Esas personas tontas, ¿cómo se forman? También se las llama "la base fundamental", y no es un problema de inteligencia, sino un estado moldeado estructuralmente. Proviene de largos arreglos institucionales, domesticación cultural y relaciones de poder, que hacen que las personas pierdan gradualmente su subjetividad: no juzgan, no cuestionan, no asumen responsabilidades, solo aprenden a obedecer. En este estado, la opresión se percibe como orden, el sacrificio se explica como tradición, y el "siempre ha sido así" se convierte en legitimidad. El sistema devora al individuo, los fuertes consumen a los débiles, y el discurso moral abstracto se usa para encubrir daños concretos. Cuando la vida se consume continuamente, muchas personas no ven esto como un error, sino que instintivamente mantienen esa lógica. Cualquier persona que señale un problema será vista como un enemigo que "quiere destruir la estabilidad".

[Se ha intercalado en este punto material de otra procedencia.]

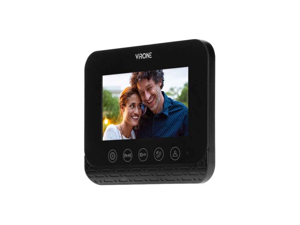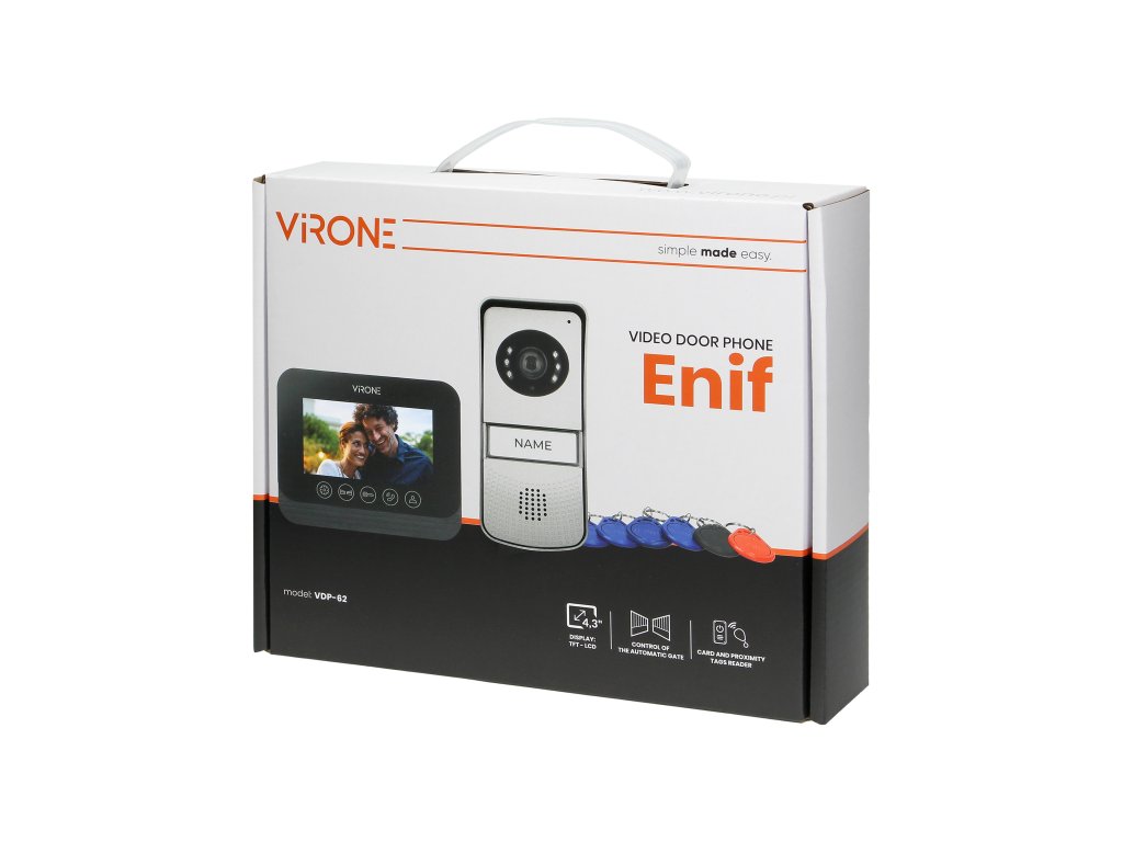 Videoportafon ENIF crni set ENIF namijenjen je za instalaciju u obiteljskim kućama i ne zahtijeva nikakvu slušalicu. Set uključuje višebojni plosnati 4,3" LCD monitor koji se upravlja putem funkcijskih tipki na dodir, i robusnu vanjsku jedinicu s čitačem beskontaktnih oznaka. Infracrveno osvjetljenje osigurava izvrsnu noćnu vidljivost. Glatko podešavanje parametara monitora i 6 zvona na izbor su velike prednosti ovog seta. Set podržava otvaranje vrata i zaključavanje vrata koji su napajani izravno s vanjske jedinice. Proširenje seta s dodatnim monitorom omogućuje interkom komunikaciju između monitora.Tehnička specifikacija:

El problema más profundo es que, en términos de ideas, la gente suele aceptar la existencia de una jerarquía entre superiores e inferiores. No necesariamente están en contra de la opresión en sí, sino que les importa en qué nivel de la cadena de opresión se encuentran. No buscan eliminar la injusticia, sino que desean ser "opresores en un nivel algo más alto", alguien que pueda ejercer presión hacia abajo. Cuando esta mentalidad se combina con emociones, odio o narrativas míticas, el individuo puede convertirse fácilmente en un turba. La turba no es lo mismo que un rebelde; son más bien ejecutores movilizados: ejecutan la voluntad del poder real, creyendo erróneamente que están "defendiendo la justicia".
Las características típicas de este tipo de personalidad incluyen: una obediencia extrema a los fuertes, una severidad absoluta con los débiles; una obsesión con la gloria ficticia y las imaginaciones del pasado; obtener autoestima barata menospreciando a otros y creando enemigos; evitar las verdaderas fuentes de opresión, descargando agresividad solo en objetos seguros. Lo que realmente inquieta en una sociedad no es la existencia de fracasados, sino la gran cantidad de personas que carecen de autoconciencia y límites morales. Su estrategia de supervivencia más hábil es externalizar todos los problemas a "otros": no es mi responsabilidad, es culpa de tal o cual.
Y precisamente por eso, incluso en tiempos de cambio constante, volverán a aparecer la reverencia ante el poder, la romanticización de las formas de dominación y la obsesión con la sangre y la identidad. Estos fenómenos no son simplemente nostalgia, sino un retorno natural tras una larga ausencia de subjetividad. El problema nunca ha sido solo el legado del pasado, sino si en el presente hay alguien dispuesto a asumir realmente el riesgo de "juzgar, rechazar y responsabilizarse" como un ser humano.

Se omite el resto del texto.